### [ACTION ITEM]
Exclude any images and output the remaining records exactly.

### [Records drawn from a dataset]

- Opening Delimiter -

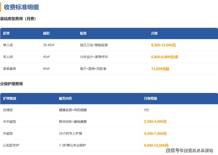 单人间(35-45㎡):配备独立卫浴、智能护理床及观景阳台,月费8500-12000元
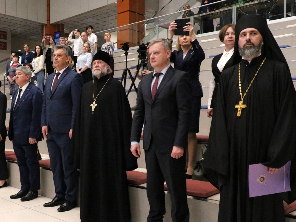 Викарий Санкт-Петербургской епархии епископ Назарий и министр просвещения РФ Сергей Кравцов (слева направо) во время открытия выставки «Украина. На переломах эпох». Фото: «Россия — Моя история» Санкт-Петербург / VK
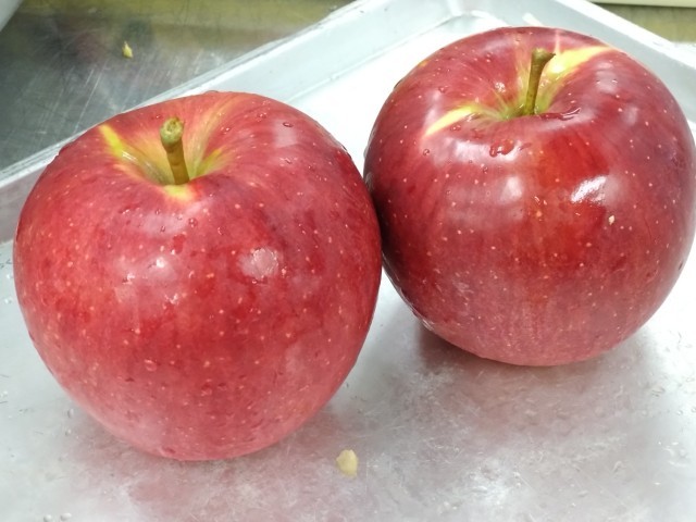 ※写真のりんごは、本日の洗った「シナノスイート」です。
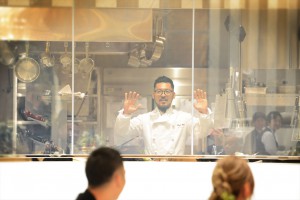 キッチンオープンではたつやさんのフランベパフォーマンス!
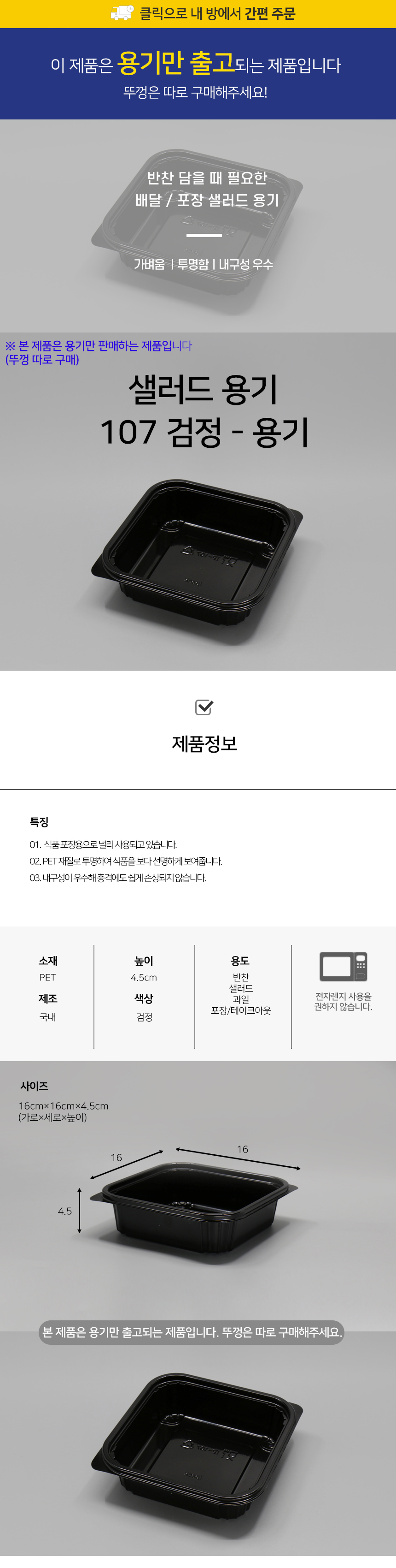 107 샐러드 용기 블랙 1박스(600개) 정사각용기 배달용기

- Closing Delimiter -

### [SOLUTION TO THIS PROBLEM]
 单人间(35-45㎡):配备独立卫浴、智能护理床及观景阳台,月费8500-12000元
 Викарий Санкт-Петербургской епархии епископ Назарий и министр просвещения РФ Сергей Кравцов (слева направо) во время открытия выставки «Украина. На переломах эпох». Фото: «Россия — Моя история» Санкт-Петербург / VK
 ※写真のりんごは、本日の洗った「シナノスイート」です。
 キッチンオープンではたつやさんのフランベパフォーマンス!
 107 샐러드 용기 블랙 1박스(600개) 정사각용기 배달용기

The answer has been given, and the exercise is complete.